I was getting more and more animated and flailing my hands about as if they could communicate better than my mouth when *THUNK*. The pencil I’d been holding in my right hand was now firmly planted in her left eye.

She let out a yelp, pulled the pencil out and headed for the hospital. Janet someone-or-another who lived in my neighborhood and was in the class above mine said something horrible to me about it. I don’t remember what it was exactly, only that she missed the fact that it was an accident and made me hate her.

Kathy was fine - the pencil hit the white part of her eye and didn’t cause any long term damage. She always had a spot there, though, where I got her.

A few years later when mom became more ill, Kathy took me to dinner and shopping. She took me to Harry’s and we sat at a quiet table where I ate a burger and she talked to me like a grown up. I bought a dress, a hat and hose that afternoon. My first pair of hose.
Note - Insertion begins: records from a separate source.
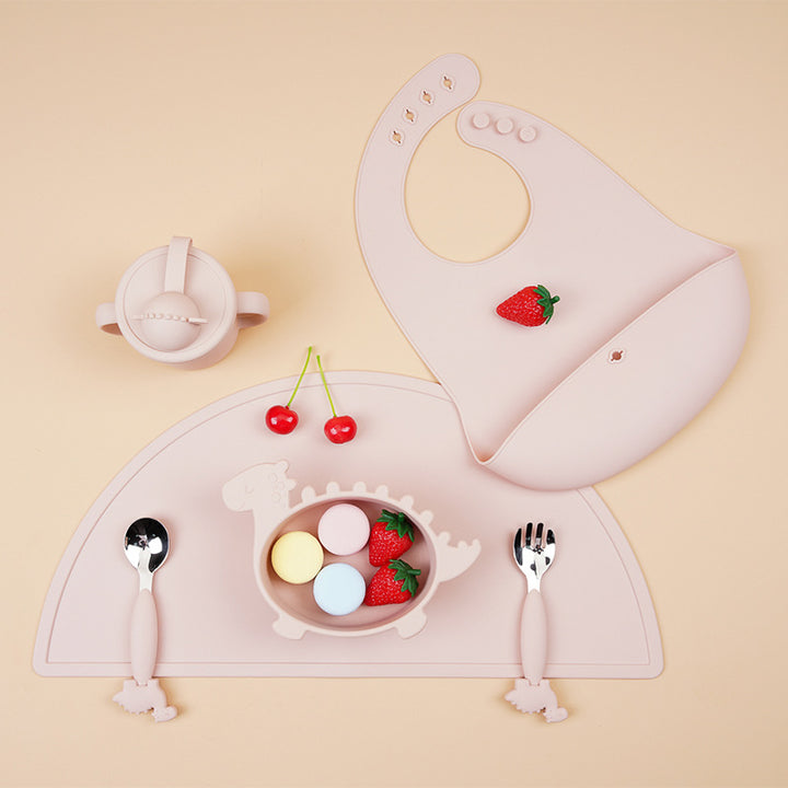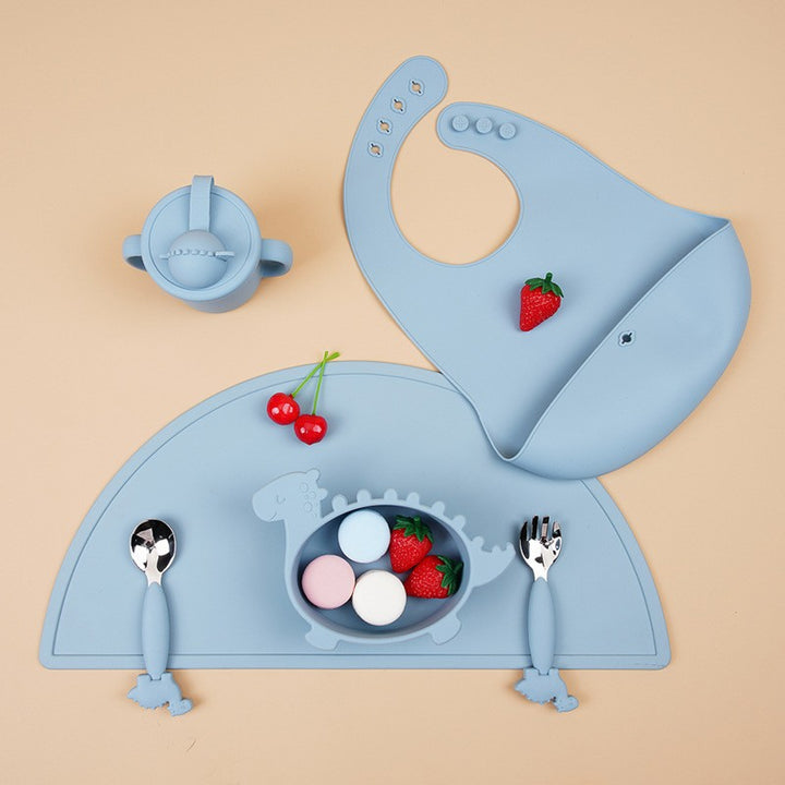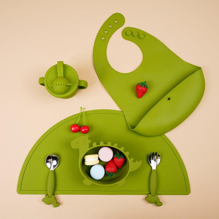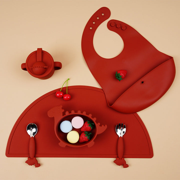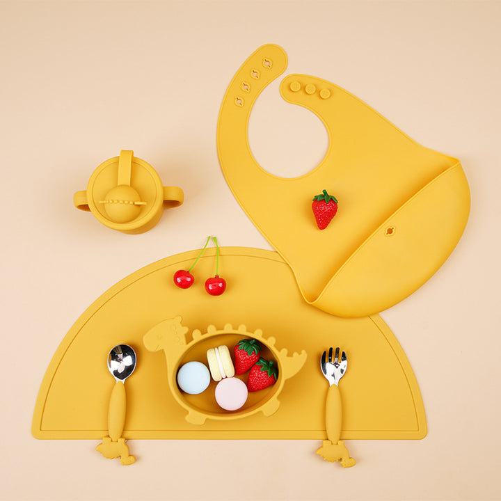 Soot Blue [Tyrannosaurus Rex] Silicone Tableware 5-piece set (bowl + fork and spoon + rice pocket + placemat + water cup), Mustard Green [Tyrannosaurus Rex] Silicone Tableware 5-piece set (bowl + fork and spoon + rice pocket + placemat + water cup), Turmeric [Tyrannosaurus rex] silicone tableware 5-piece set (bowl + fork and spoon + rice pocket + placemat + water cup), Smoke powder [Tyrannosaurus rex] silicone tableware 5-piece set (bowl + fork and spoon + rice pocket + placemat + water cup), Brick Red [Tyrannosaurus Rex] Silicone Tableware 5-piece set (bowl + fork and spoon + rice pocket + placemat + water cup) |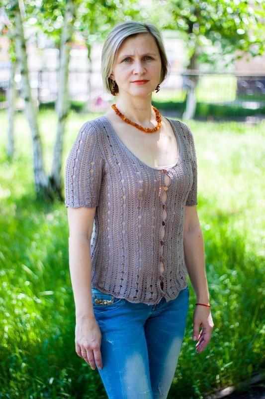 Летняя ажурная кофточка из пряжи бамбук очень приятная к телу,мягенькая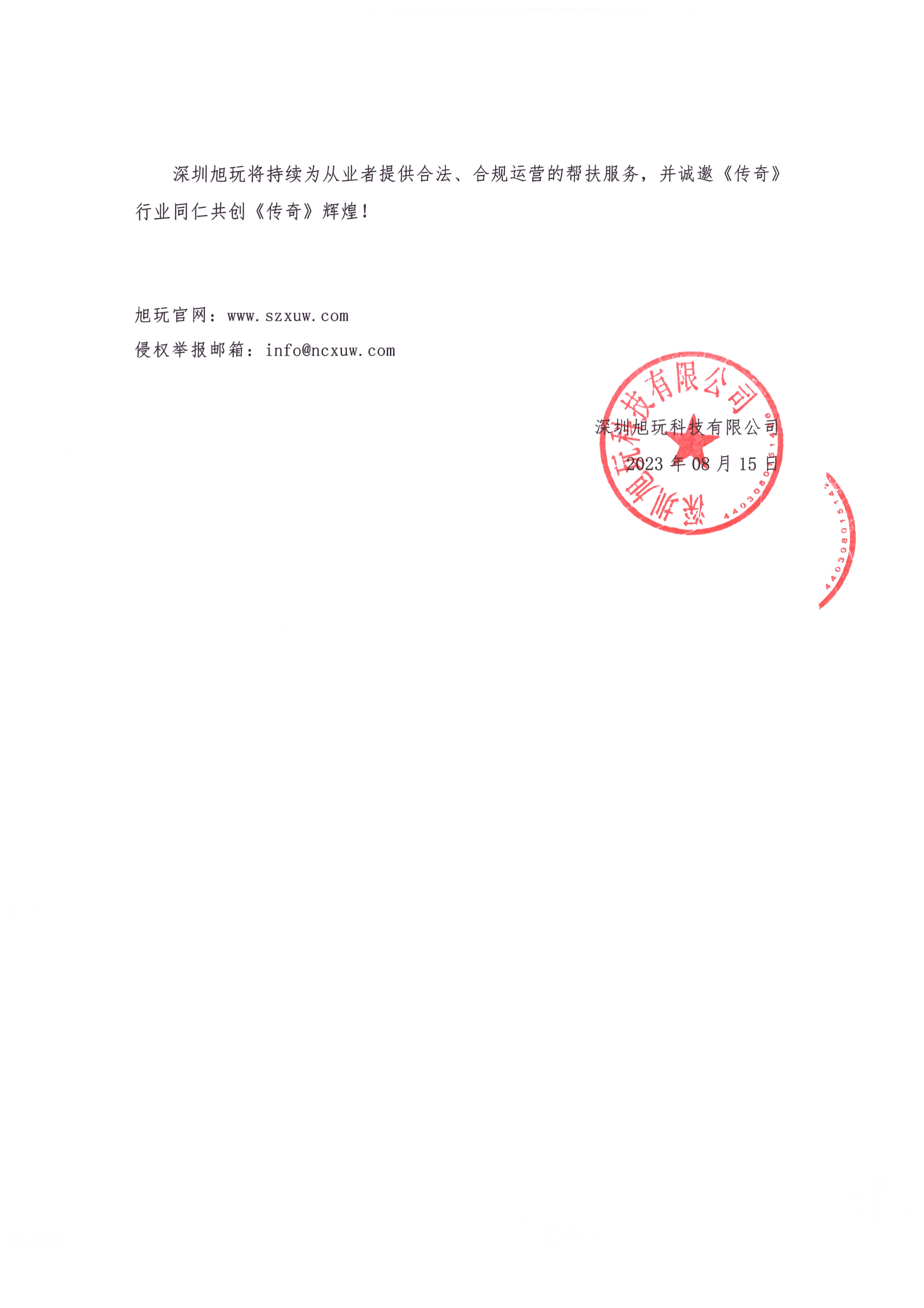 深圳旭玩將持續為從業者提供合法、合規運營的幫扶服務,并誠邀《傳奇》行業同仁共創《傳奇》輝煌!

There were a few other outings with Kathy, but I started growing up - finding independence/rebellion, and she had her own life - a divorce and two grown boys that had issues of their own.

Many years later on a visit back home I tried to catch her at the school to say hello, but she’d transferred to another program across town. A few years past that, I got a letter in the mail from one of my childhood girlfriends mother.

“I thought you’d want to know” the note said. I unfolded the slip of paper enclosed, ashy colored and clearly cut from the local newspaper. It was Kathy’s obituary.

I regret never having told her how her energy made a mark on me, how the interest she showed just may have been the little bit I needed to keep me on the crooked and narrow. How the chunk of love she gave made a difference and ensured my survival.

I still think about her regularly - she’s always in a maroon blouse with a scooped neckline and black trousers. She’s slipping a finger in the shoulder of her shirt to adjust her strap (she did this regularly but it wasn’t until years later that I understood it). She’s wearing that wonderful necklace, smiling, and glowing like an angel.

Me? I’m still the kid who stabbed her teacher in the eye with a pencil.

I write, you read. It's a clean and simple relationship.